Source: filter.c. Useful for partial dumps without long command lines.

Backup vs. backup

pg_dump is a logical backup — it can be restored into a different major version, can be partial, and survives across architectures. It is not suitable for very large databases (multi-TB) because the COPY of every table takes hours. For that, use pg_basebackup (a physical backup of the data directory + WAL); see pg_basebackup.

Important details

  • Snapshot isolation. A long pg_dump holds an open transaction, which prevents VACUUM from reclaiming dead rows. On a busy primary this is a problem; consider running pg_dump against a streaming standby.
  • --no-acl, --no-owner. Strip privilege/ownership statements; useful when restoring into a different role environment.
  • --data-only / --schema-only. Skip the schema or skip the data, respectively.
  • -t, -n, -T, -N. Include/exclude tables and schemas. The patterns are glob-like (*, ?, [abc]).
  • Custom format flexibility. With -Fc, you can pg_restore -L list_of_objects.txt to control which objects are restored and in what order — handy when fixing a dependency surprise.
  • Versions. Always use a pg_dump from the target (newer) version. New pg_dump knows about old catalogs and can adapt.

Testing

src/bin/pg_dump/t/ has TAP tests that round-trip every catalog object type through dump + restore + diff.
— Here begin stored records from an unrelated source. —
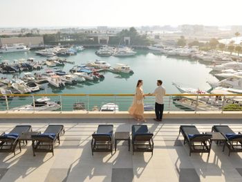 Большой отель со всей необходимой инфраструктурой, красивые и просторные холлы, где можно охладится в жару. Есть бассейн на территории отеля и спорт зал, отдельный пляж с бассейнами и детской площадкой, несколько ресторанов на выбор для вечера. Песок на пляже чистый, белого цвета. Полотенца и лежаки бесплатно. Там же есть автомат набирать воду. По территории отеля проходит набережная вокруг марины с лодками, идеальное тихое место для вечерних прогулок. Довольно много зелени на территории и вокруг, нет чувства, что ты в пустые. Быстрые лифты, практически никогда не ждали лифт, сразу приезжает свободный. У нас был очень красивый вид на сад и город, с другой стороны отеля вид на марину и залив, что тоже очень красиво. Очень богатые и вкусные завтраки, несмотря на то что еда одинаковая на завтраках, разнообразие очень большое, каждый день можно собирать разные блюда. Посадочных мест на завтрак много, завтрак аж с 6:30 до 10:30. Не смотря на то что отель построен уже давно, мы не почувствовали что он старый. Внутри все достаточно современно и чисто.
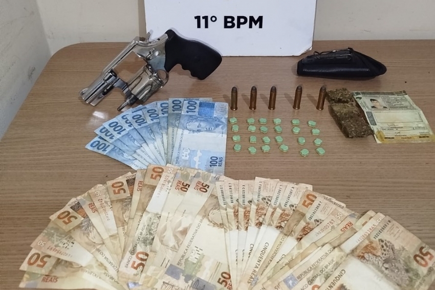 Na busca, a equipe encontrou um pacote tipo ziplock contendo 24 comprimidos de ecstasy, além de R$ 2.300,00 em dinheiro e a chave de um VW/Gol. O carro, estacionado em frente à chácara, também foi revistado, e nele os policiais localizaram um revólver calibre .357 carregado com cinco munições intactas, além de 20 gramas de maconha.
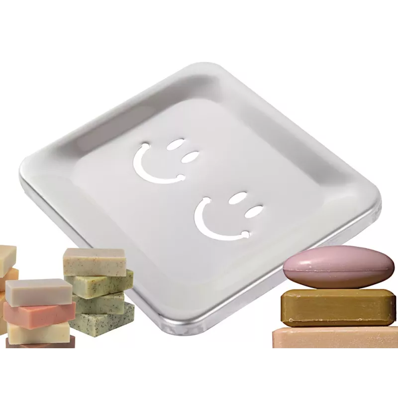 Mydelniczka metalowa z "uśmiechem" świetnie sprawdzi się w każdej łazience. Nadmiar wody z mydelniczki wypłynie poprzez otwory w podstawie mydelniczki a mydło pozostanie suche.
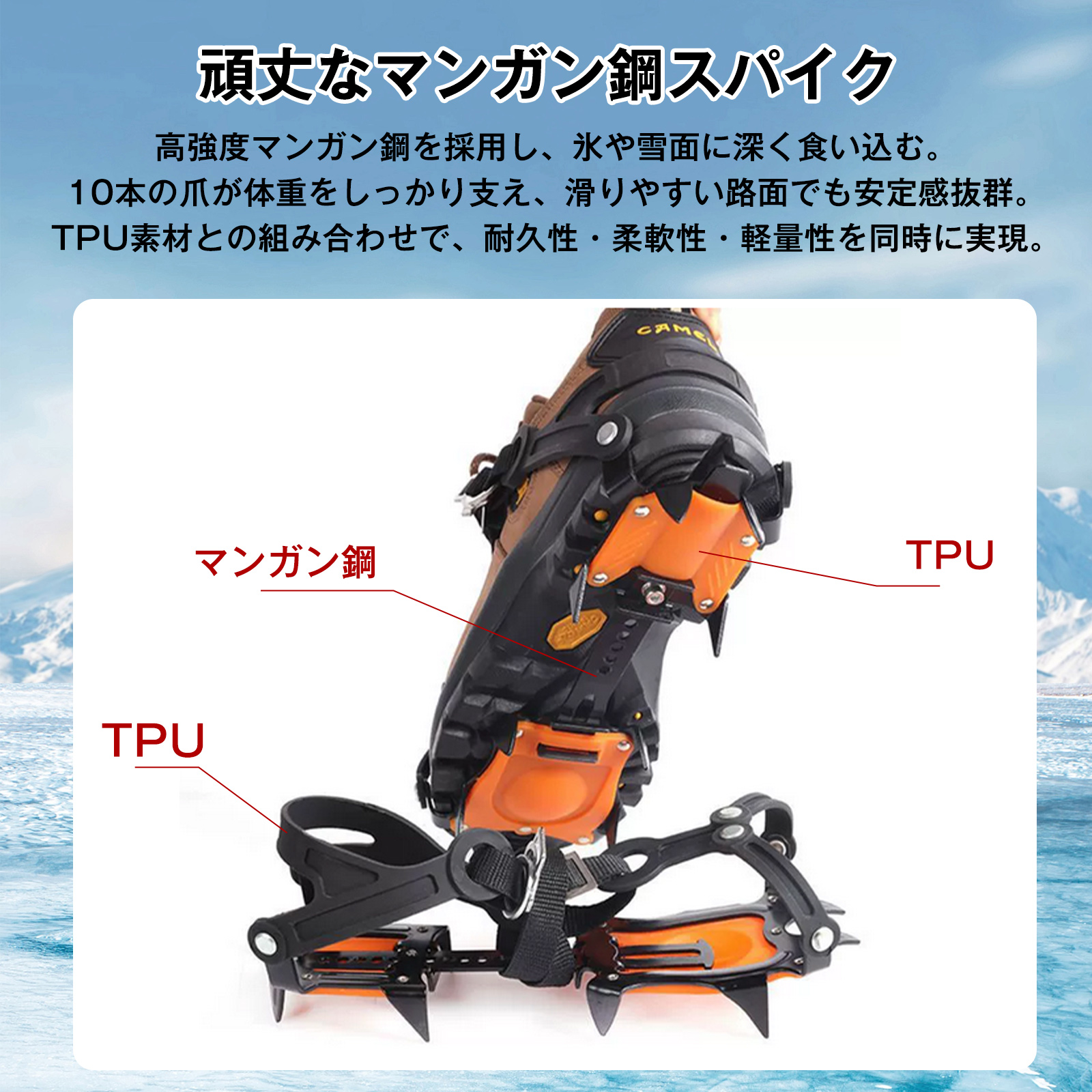 アイゼン スノースパイク 10本爪 靴底 サイズ調整可能 マンガン鋼+TPU 脱着 簡単装着 雪 滑り止め 靴 滑りとめ 雪 安全 雪道 凍結 スノー ブーツ 雪対策
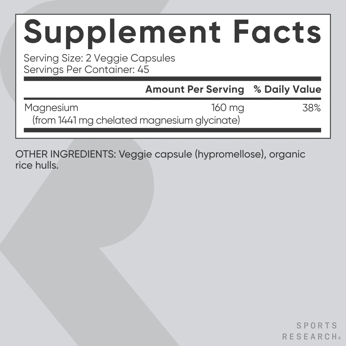 Sports Research, Magnesium Glycinate, 90 Veggie Capsules (80 mg per Capsule)
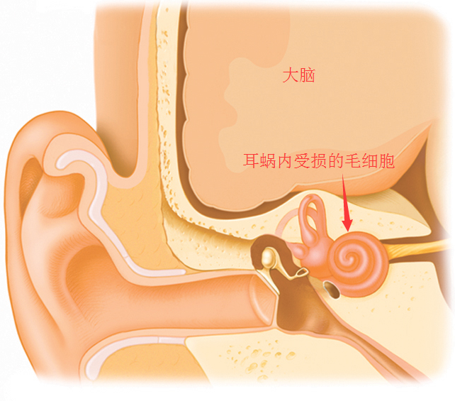 耳蜗是位于听器官内耳骨迷路的一个组成部分。耳蜗是一螺旋形骨管,绕蜗轴卷曲约两周半。螺旋器(Corti氏器)是感受声波刺激的听觉感受器,由支持细胞和毛细胞等组成,毛细胞为声波感受细胞,每个毛细胞均与神经纤维形成突触联系。如果毛细胞的缺失或损伤,声音就无法传导到大脑进行处理。
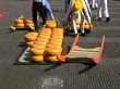 Men carrying large cheese rounds in historical cheese market, Alkmaar, Holland - stock video
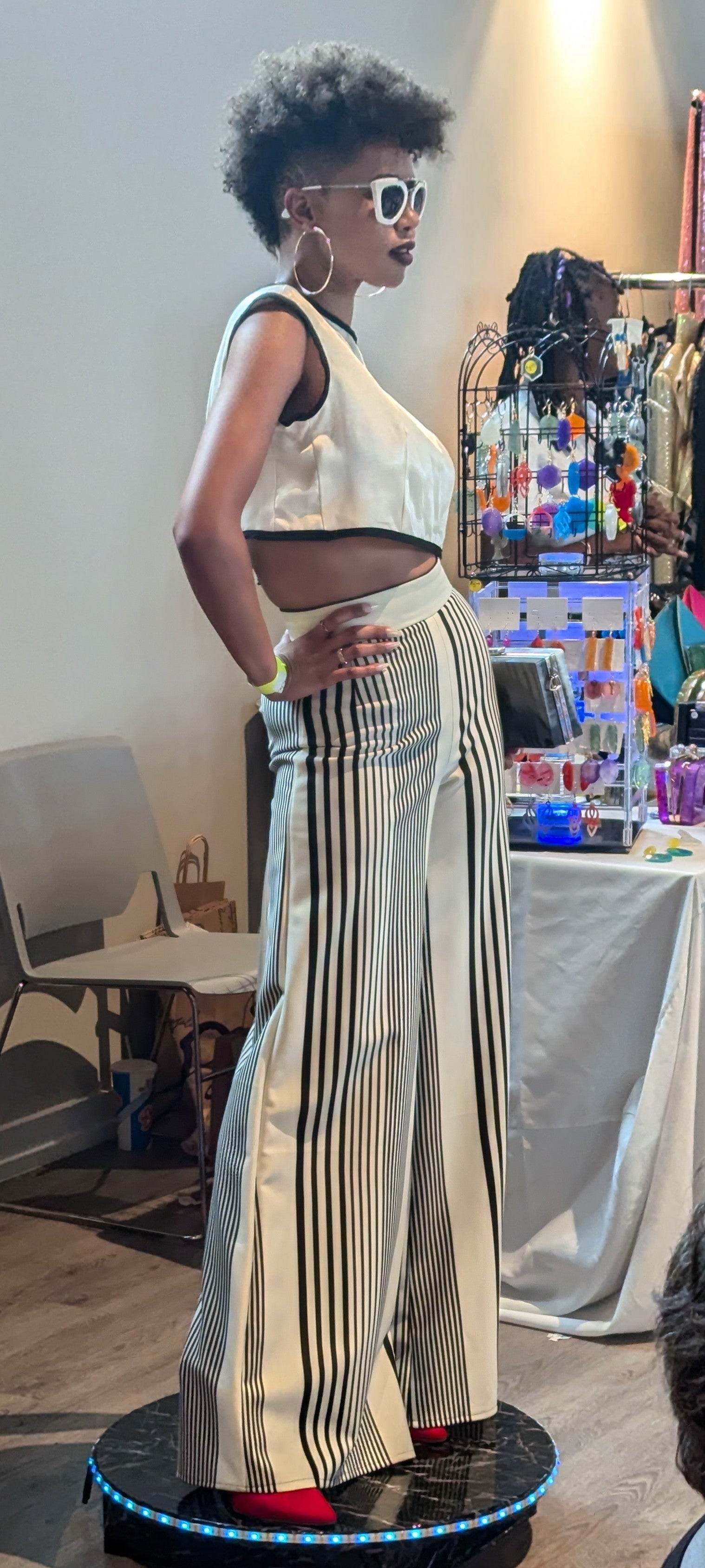 Black and White Striped Cotton Wide-Leg Pants (Size S) - Waist: 26", Inseam: 34"
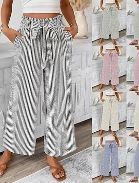 Női Nadrág Nyári nadrág Bő nadrág Alkalmi nadrág Szabadság Divat Alap Teljes hossz Közepes csípő Zsinór Zseb Széles lábszár Mokaszinok Lélegzési képesség Mekano Nem elasztikus Napi Tengerpart
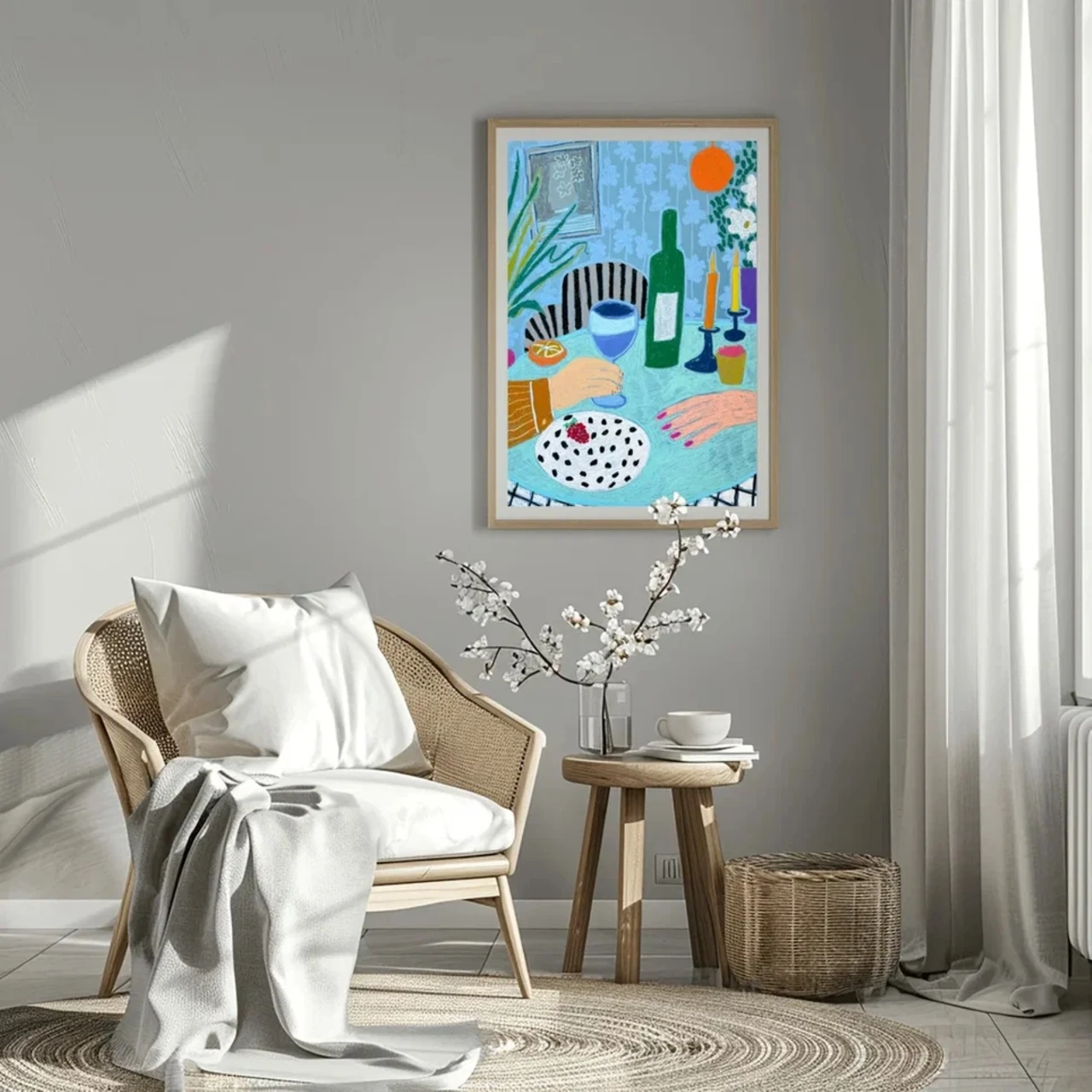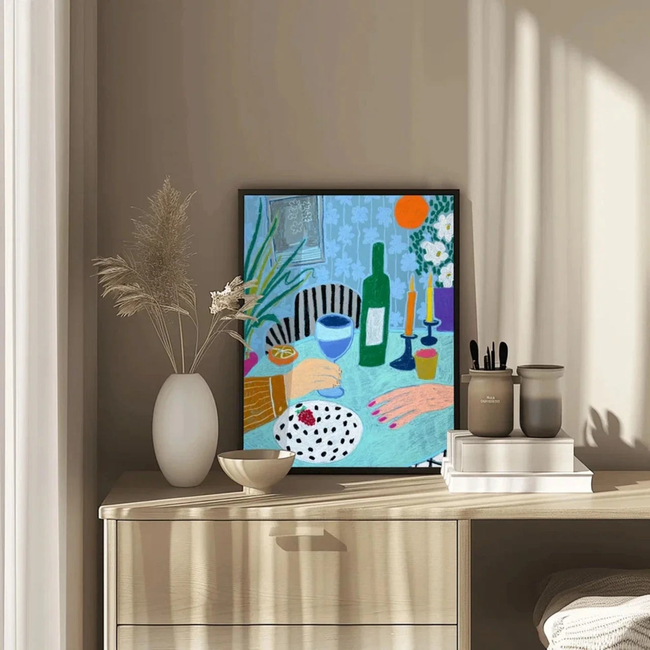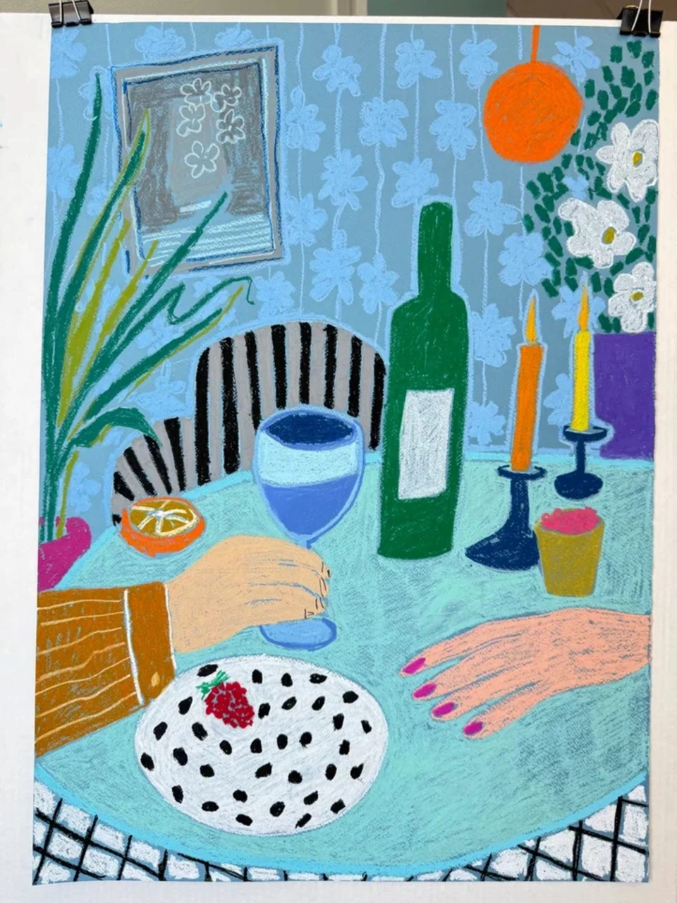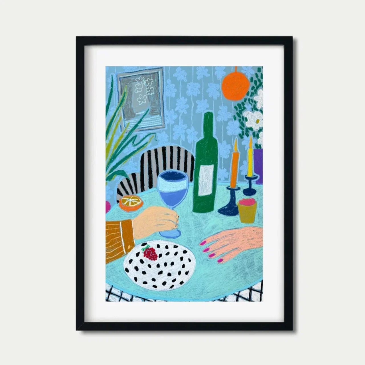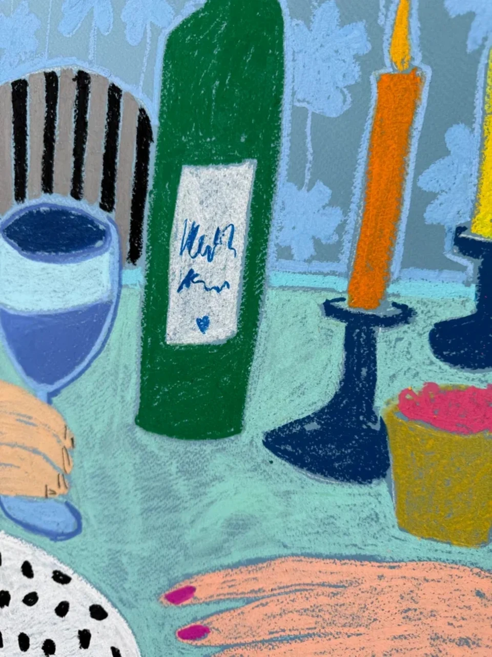 Композиция включает тщательно продуманную сцену за столом с бутылкой вина, полосатой скатертью, стулом с чёрными полосками, белыми цветами в вазе, тарелкой с клубничным десертом и свечами — всё это расположено на фоне голубых обоев с розовыми ногтями. Сбалансированные формы, насыщенные цвета и выразительные линии перекликаются с традициями современного натюрморта, оставаясь свежими и актуальными.
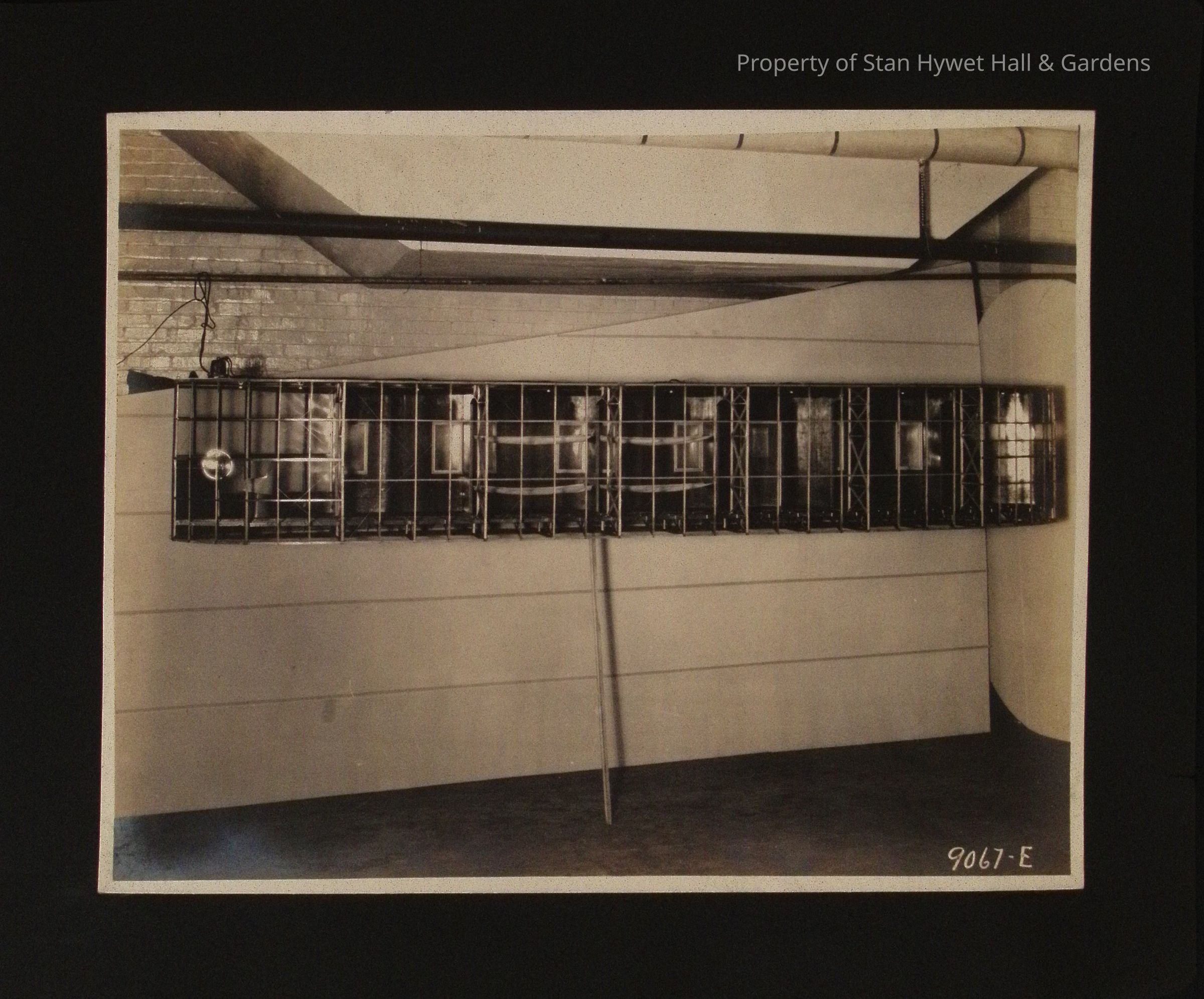 Black and white photograph of interior of prototype of airship gondola. Cage like construction using metal rods. Gondola mounted on a wall. Pipes and air ducts running along ceiling above gondola.
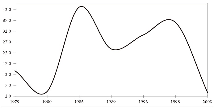 También en estas décadas, inicia el poblamiento informal y acelerado en el oriente en el Distrito de Aguablanca del cual surgen barrios como El Vergel, Charco Azul, Mojica, El Vallado, Comuneros, Marroquín, los Naranjos, el Poblado, Manuela Beltrán, Puertas del Sol, Alirio Mora, Decepaz, etc. (Mosquera, 1989; 1996). Efectivamente, como se puede ver en la figura 4, hacia finales de 1979 hubo un crecimiento importante en la cobertura de servicios públicos con tasas superiores al 35%, el cual se explica principalmente por la expansión desbordada hacia el distrito de Aguablanca, que implicó por ende la urbanización y dotación de esta zona de inversiones en los servicios básicos por más de veinte años.
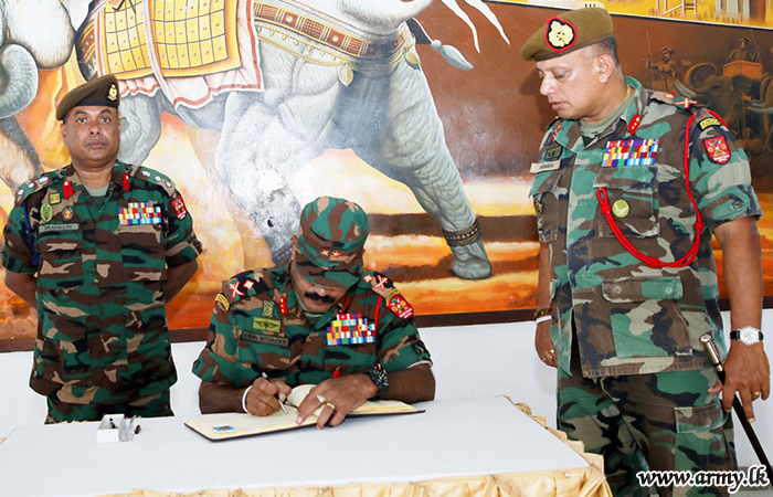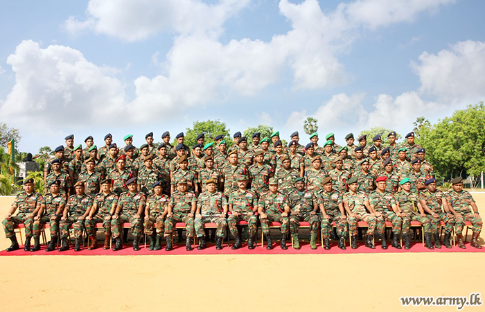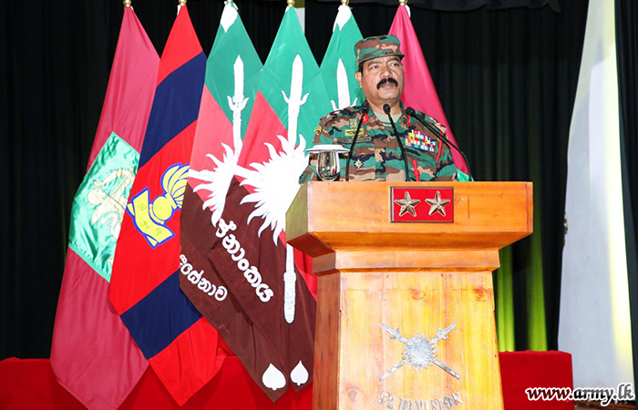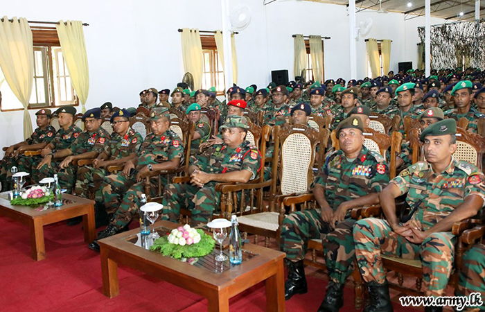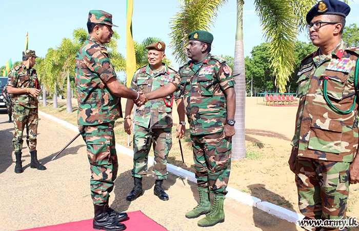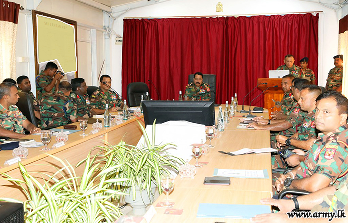 The Jaffna Commander on arrival was warmly welcomed by the General Officer Commanding, 52 Infantry Division, Major General Y.A.B.M Yahampath RWP RSP ndu psc before he received a briefing on the role and tasks, current affairs and projects, being performed by Infantry Division troops. Afterwards, he addressed all Officers and Other Ranks in the premises.

They are some of the most useful tests in the project for catching forgotten DDL serialization.

Entry points for modification

  • Adding support for a new catalog object: edit pg_dump.c to enumerate it, generate its CREATE statement (or use pg_get_* server-side functions where they exist), record dependencies. Always add a corresponding test in src/bin/pg_dump/t/.
  • Tweaking sort order: pg_dump_sort.c. Be very careful — restore correctness depends on it.
  • A new archive format would touch pg_backup_archiver.c plus a new pg_backup_<format>.c file.

For the wire protocol pg_dump uses, see libpq. For physical backups (the alternative), see Apps.